In Defense of Genre Fiction

Recently, I had an exchange with a reader via Facebook message who did not approve of romance novels and wanted to explain why Bethany House shouldn’t be publishing them. Her biggest issue seemed to be that she didn’t perceive genre or commercial fiction, like romances, as having the same inherent value as the classical authors she listed (including Jane Austen, who doesn’t count as a romance author, apparently).

I responded with something vague and polite, but if we had been friends sitting down over a cup of tea, this post is probably what I would have said instead. You’re welcome to eavesdrop on our hypothetical conversation (and enjoy a cup of imaginary tea…I recommend Licorice Spice).

tea2

First, I’d say, give me book recommendations anytime! I love literary fiction, and I’ll often pick up a good classic novel. Those books affect me in a special way. They have the power to reshape the way I think and challenge me and let me appreciate the sheer beauty of words and descriptions. Many of them will endure for generations, and that’s amazing.

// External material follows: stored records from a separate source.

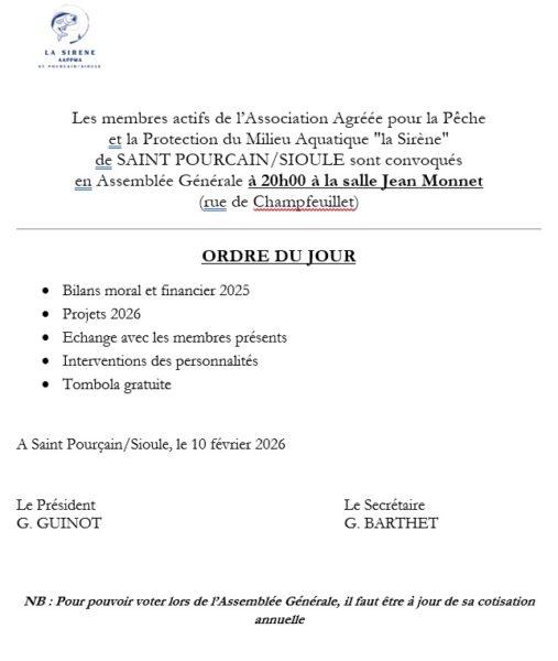 AAPPMA ST POURCAIN/SIOULE – Assemblée Générale le vendredi 27 février 2026
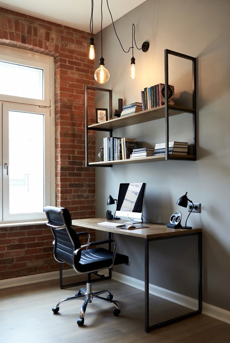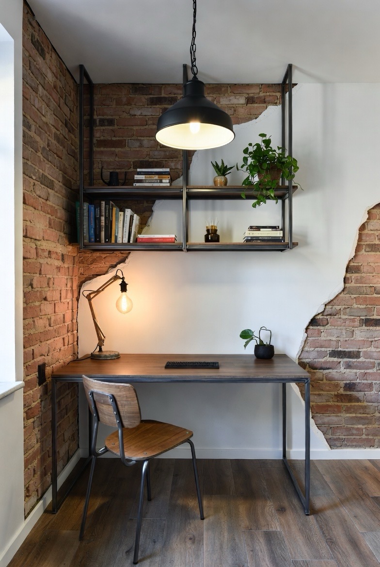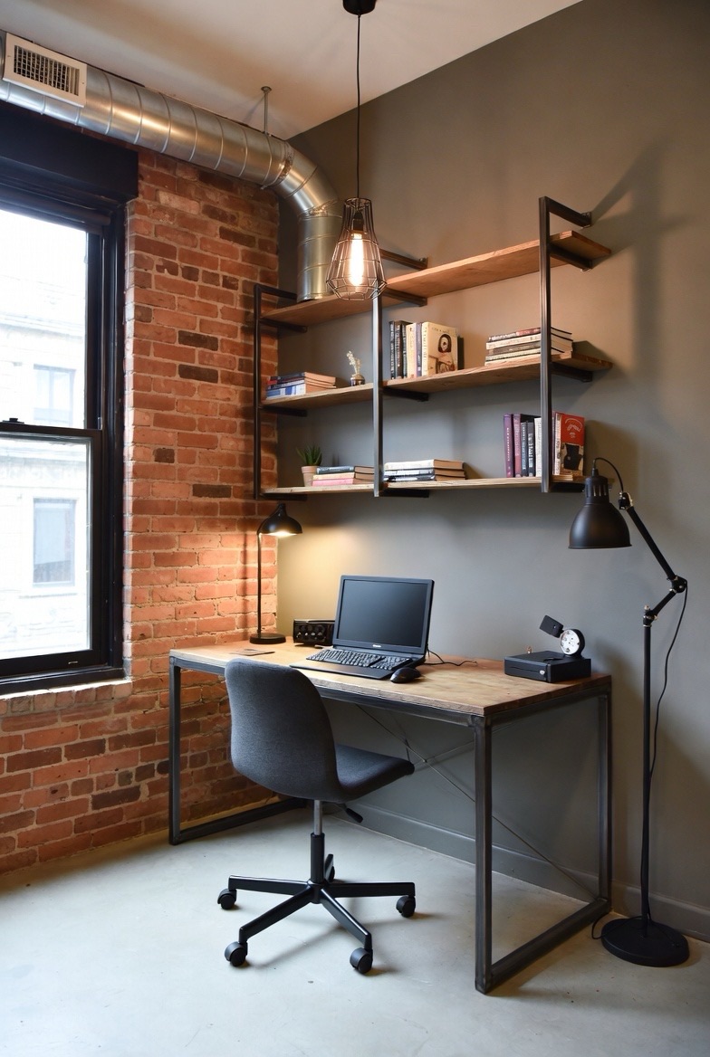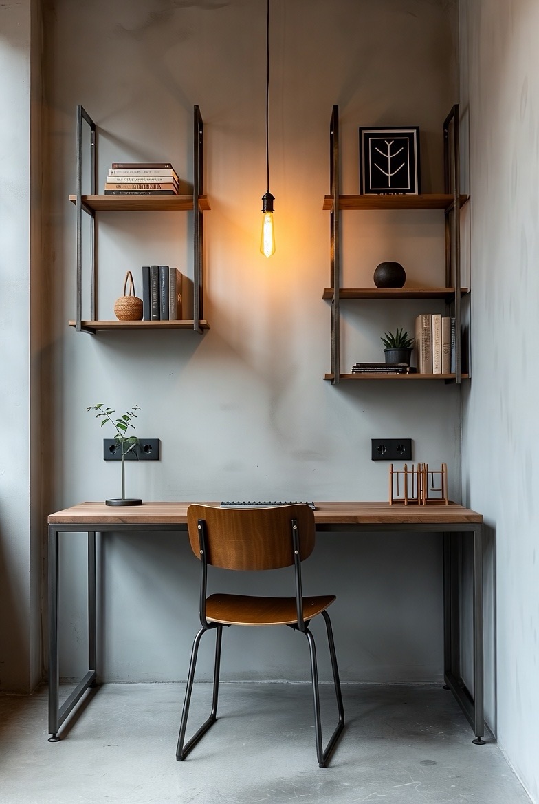 Combine metal, wood, and bold lighting for an industrial-modern small office. A metal-framed desk, exposed bulb lamp, and floating shelves create an edgy yet functional vibe. This compact design blends character with efficiency.
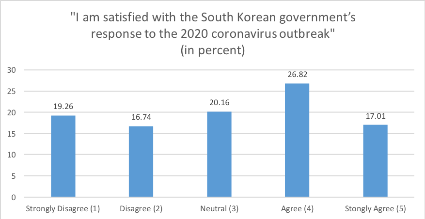 First, we asked on a five-point scale (strongly disagree to strongly agree) “Please evaluate the following statement: I am satisfied with the South Korean government’s response to the 2020 coronavirus outbreak”. Overall, we found that a plurality (43.83%) agreed, while over a third (36%) disagreed. This response cannot be considered a blanket condemnation of Moon’s response, despite what some analysts have suggested.
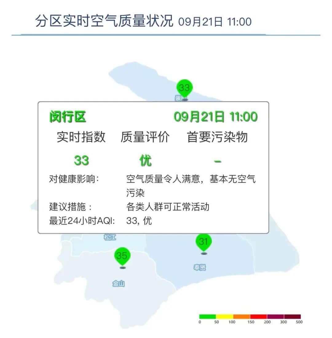 闵行区AQI为33,优,
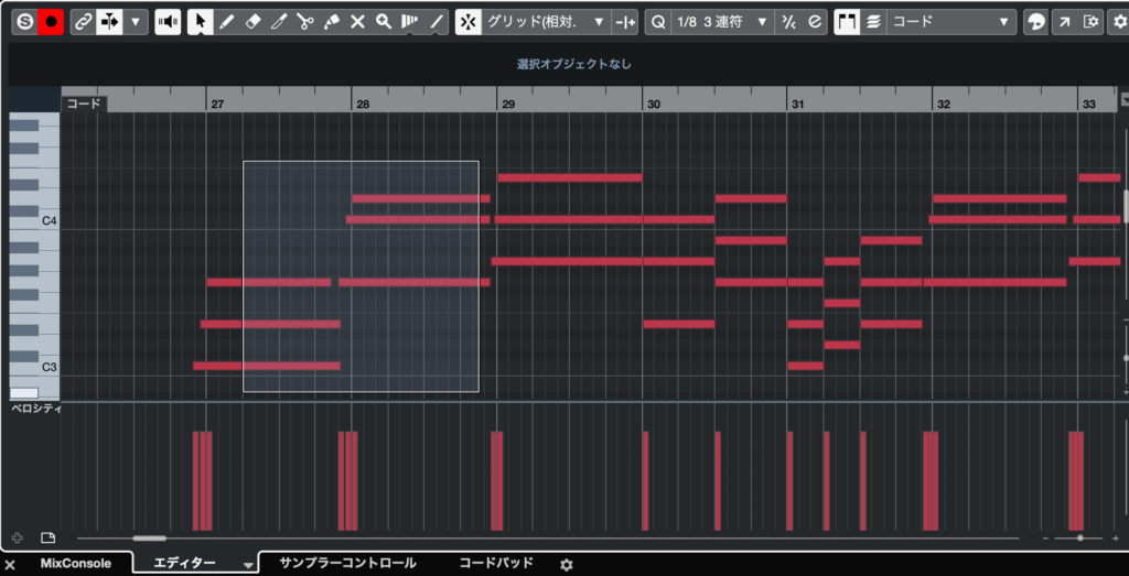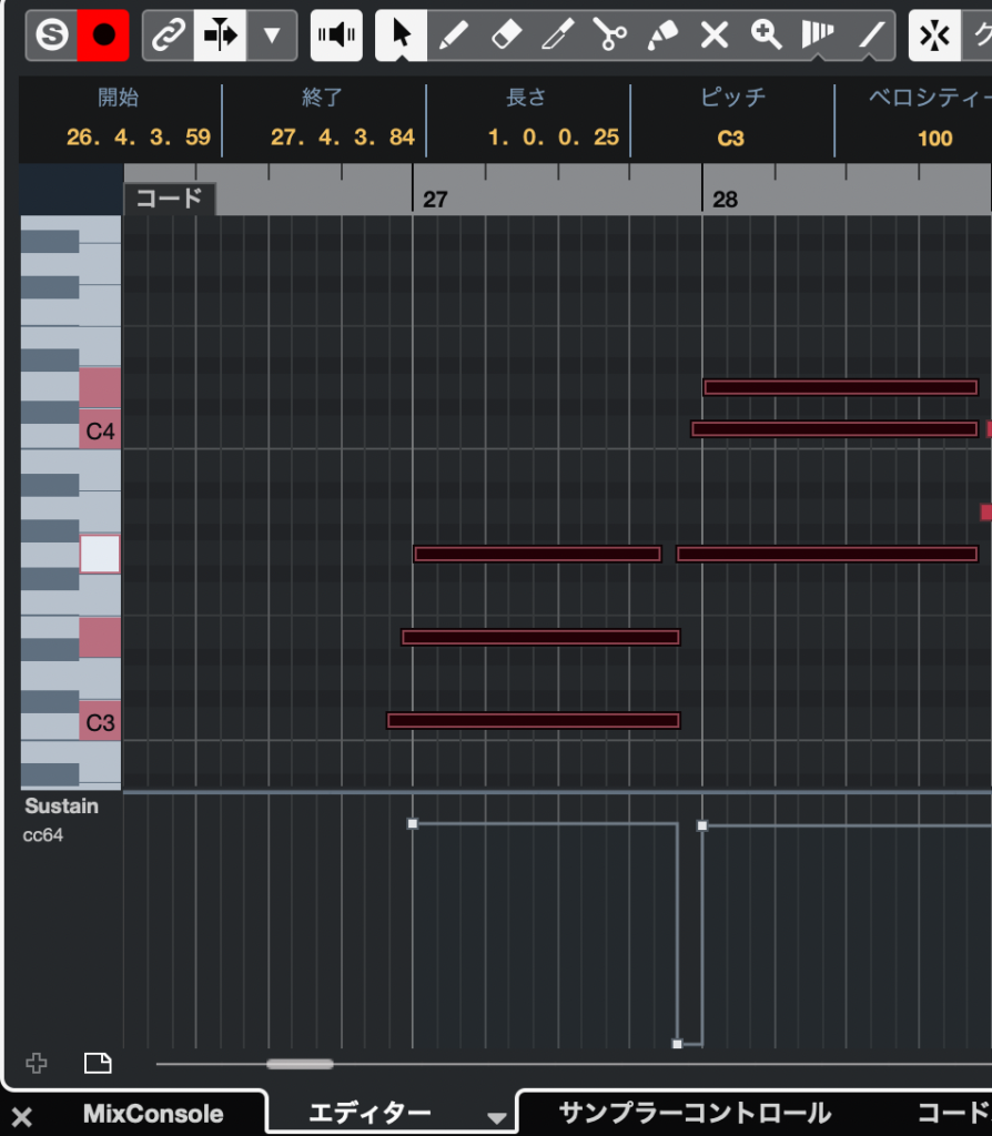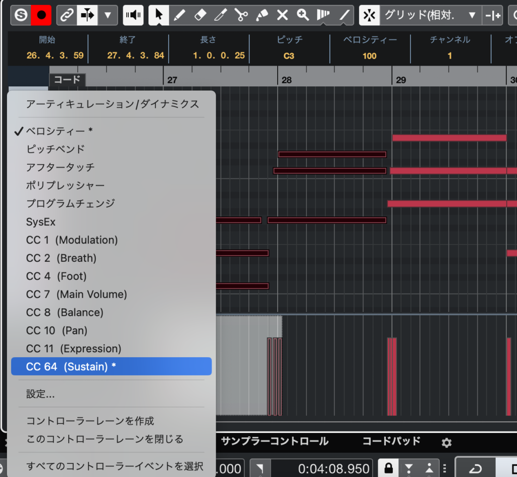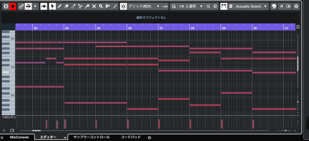 ピアノを打ち込んだら、ベロシティを変える、タイミングをずらす、動きをつけるをやってみましょう。サスティンペダルも動かすべきです。
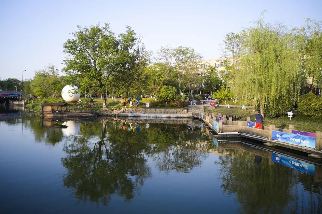蒋村港亚运小公园依托“省级美丽河湖”优势,以水为带,将丰富的自然景观和历史民俗结合起来,通过拆除违章、清理菜地,全面整治提升、变废为宝,融合亚运元素,设置亚运倒计时、亚运吉祥物、主题花境、历史文化墙绘等小品,以及一颗直径4米的“月球”。夜晚亮灯时分,岛上月、水中月与天上月遥遥相对,美不胜收,曾经的荒地成为打卡地。
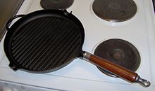 Heat transfer to the food when using a grill is primarily through thermal radiation. Heat transfer when using a grill pan or griddle is by direct conduction. In the United States, when the heat source for grilling comes from above, grilling is called broiling.[2] In this case, the pan that holds the food is called a broiler pan, and heat transfer is through thermal radiation.

But do you know what else is amazing?

An author who can keep me up late, turning pages and laughing in just the right pages. A story that transports and entertains me, especially if I learn something interesting by the end. Plots that help me see the world as it ought to be while characters overcome odds and make sacrifices to reach a happy ending. Well-written genre fiction does these things and more.

Oops. Shouldn’t have brought that up, because now my imaginary tea party friend accuses happy endings of feeling fake and untrue to reality.

To which I say I’m sure every now and then there’s a poorly written one that does. But let me tell you, I’ve read three literary novels this year with tragic endings that felt painfully artificial—like the author just wanted to break convention and inject some gratuitous misery into their protagonists’ lives toward the end to make a philosophical point. Besides, with all the craziness in the world, some people prefer unambiguously happy endings, and most at least like hopeful ones. Nothing wrong with that.

My tea, at this point, is getting cold, so I let my friend deliver an extended analogy where she compares genre fiction to fast food—mass produced and cheap but with very little nutritional value.

I disagree as politely as possible. (And I also take the last two cream puffs without shame because, really, she just insulted a lot of authors I love by criticizing their value and implying it’s easy to “mass produce” one of their novels, and that’s just mean.)

To me, the food analogy works better if you say that literary fiction is a presentation-first tray of gourmet appetizers, while truly good genre fiction is the crusty homemade bread you stick in the toaster for breakfast, or the apple you toss in your lunchbag, or the Crockpot soup you have going so it’s ready when you come home from running errands. Not all of it is fancy or rich or exquisitely shaped, but it’s what we love and need for everyday life. As my good friend* G.K. Chesterton put it when responding to similar criticisms of genre fiction: “Literature is a luxury; fiction is a necessity.”

Fiction sustain us. We shape our stories, and then they shape us, and not just the ones that are sprawling, articulate tomes or deep, character-driven tales. People read for a lot of good and legitimate reasons—to experience a new time period, to be distracted from a hard reality, to have something to talk about with their friends, to find out what happens next—but it comes down to the fact that we need good stories, and those good stories can be found in almost any section of the bookstore.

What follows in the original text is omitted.